Dans la seconde lecture, Paul nous dit que « nous ne savons pas prier comme il faut. » (Romains 8,26), que cette prière est comme « des gémissements inexprimables » (Ibid.) c’est-à-dire comme un cri qui monte avant même d’avoir trouvé des mots pour nous confier à Dieu. Dans notre prière, les choses sont parfois mêlées, comme le blé et l’ivraie, et cela peut nous donner l’impression que nous ne savons pas prier, que notre prière n’est pas audible. Les mots de Paul sont alors un bel encouragement à nous livrer à l’action de l’Esprit Saint, qui exprimera ce gémissement et le fera monter vers Dieu. Il exprimera ce que nous ne savons pas dire et en fera une prière que le Père recevra.
Pour compléter cela, Paul écrit, un peu plus loin dans sa lettre aux Romains (nous l’entendrons dans deux semaines), que « rien ne pourra nous séparer de l’amour de Dieu qui est dans le Christ Jésus notre Seigneur. » (Romains 8,39) : ni la mort, ni la vie, ni aucune puissance. Ces mots de saint Paul rejoignent bien l’Évangile que nous venons d’entendre et la situation que nous vivons au cœur de notre diocèse, en ces jours d’épreuve.
Revenons maintenant à l’Évangile avec les deux dernières paraboles : le grain de moutarde, « la plus petite de toutes les semences » (Matthieu 13,32), qui devient un arbre où les oiseaux du ciel viennent faire leur nid ; et le levain, capable de faire lever la pâte sans qu’on la voie agir.
Une vie de prêtre ressemble à cela. Elle ne se mesure jamais à sa durée, ni à ses éclats. Elle se mesure à ce qu’elle a fait lever, discrètement dans la célébration d’un sacrement, une visite à un malade, une parole donnée à quelqu’un qui en avait besoin, un geste que personne n’a vu sauf celui qui l’a reçu. Ce travail ne s’arrête pas avec la mort. Le levain a déjà fait son œuvre dans la pâte ; il continue en nous, dans ce que nous avons reçue de lui et que nous portons maintenant à notre tour. Alors, en ce temps d’épreuve pour notre diocèse, faisons mémoire de ce que nous avons pu recevoir de l’abbé Dominique-Marie, de ce que son accompagnement, sa rencontre a fait lever en nous. Accueillons le fruit de ce qu’il a semé en nos vies par son témoignage, le don de sa vie.

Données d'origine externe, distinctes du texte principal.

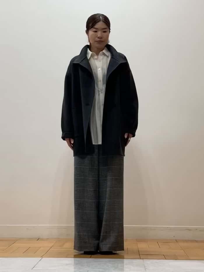 上品なグレーのリバー仕立てコートに、しなやかなウールブラウスとチェックのワイドパンツを合わせた大人の冬スタイルです。
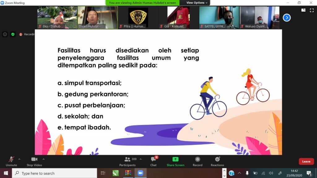 Bapak Dirjen Hubdat Kemenhub, Drs Budi Setyadi, SH., MSi, mengajak seluruh lapisan masyarakat agar “gemar menggunakan sepeda dan sepeda menjadi lifestyle kita sehari-hari”. PM 59/2020 merupakan regulasi pemerintah yang disusun dengan metode bottom up melibatkan para pihak dari pemerintah, komunitas sepeda, dan pakar transportasi. Uji public telah dilaksanakan di Bandung dan Yogyakarta. PM 59/2020 ini selanjutkanya akan dilakukan harmonisasi dengan kementerian terkait lainnya seperti Kementerian PUPR, dan Sekretariat Kabinet. Hal yang atur adalah persyaratan teknis sepeda, tata cara bersepeda, dan fasilitas pendukung sepeda. Tujuan pengaturannya adalah untuk mewujudkan tertib berlalu lintas dan menjamin keselamatan penggunaan sepeda di jalan.
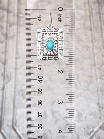 The matching earrings echo the same design in a more compact form—lightweight enough to wear all day, but impactful enough to catch attention with every turn of your head. They feature a center turquoise stone, framed by intricate silverwork and a sunburst pattern that mirrors the pendant perfectly. It’s all the power of the choker, in a smaller, swingy package.

Le maître du champ nous dit d’attendre la moisson. Il ne nous demande pas d’oublier, ni de faire comme si de rien n’était. Dans l’Ancien Testament, le prophète Isaïe se faisait le porte-parole du Seigneur quand il disait : « mes pensées ne sont pas vos pensées, et vos chemins ne sont pas mes chemins. » (Isaïe 55,8) Cette parole n’est pas pour mettre une distance supplémentaire entre Dieu et nous, mais elle nous invite à ne pas exiger de Dieu ce qu’il ne nous a jamais promis d’expliquer, et à recevoir ce qu’il nous promet réellement : sa présence, jusqu’au bout.
Nous ne sommes pas les maîtres du champ. Nous en sommes les serviteurs, chargés simplement de continuer à semer, même le cœur lourd, en confiance. La moisson ne nous appartient pas : elle appartient à Dieu. Que le Seigneur nous donne la joie de continuer à des semeurs. Amen.